店の所在地が名称の由来と考えられるものに、隅田川下流の永代(えいたい)橋際の店の“永代団子”日本橋室町浮世小路の店の“浮世団子”など。麻布飯倉片町には、亀の見せ物で評判になり“お亀団子”と呼ばれた団子屋がありました。
 また、御蔵前瓦町の“丸屋大団子”や、浅草芳町の“喜八団子”は、団子が大きく安価なので人気があったそうです。
 
形から名付けられたのは“菖蒲(あやめ)団子”で、先を4つに裂いた竹の1筋ずつに、小さく平たい団子を4つずつさしたもので、あやめの花の形に似ており、砂糖蜜をつけて客に出したといいます。

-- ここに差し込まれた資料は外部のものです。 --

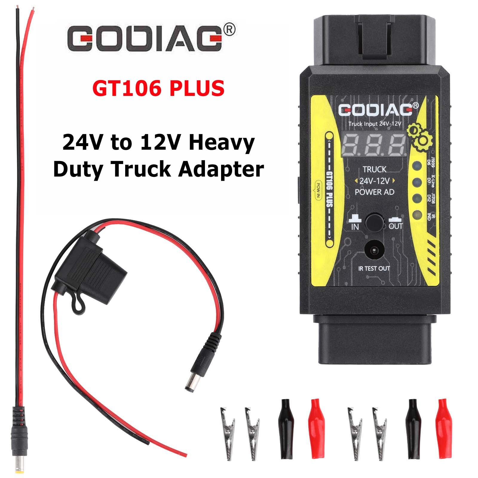 GODIAG GT106 Plus 24V to 12V Heavy Duty Truck Converter GODIAG GT106 Heavy Duty Truck Adapter Newly Added Fuel Injector Cleaning & Testing Relay Testing for Cars & Trucks

 “景勝(かげかつ)団子”は、団子の形が上杉景勝の生家の長尾家の鉾先に似ていたところからの名といわれ、享保(1716−36)から明治ごろまで江戸市中を搗きながら売り歩いたそうです。
 団子は串にさして売るのが普通で、宝暦(1751−64)のころまで1本に5個さして5文でしたが、明和5年(1768)に4文銭ができてから1本4個になり、4文で売られるようになりました。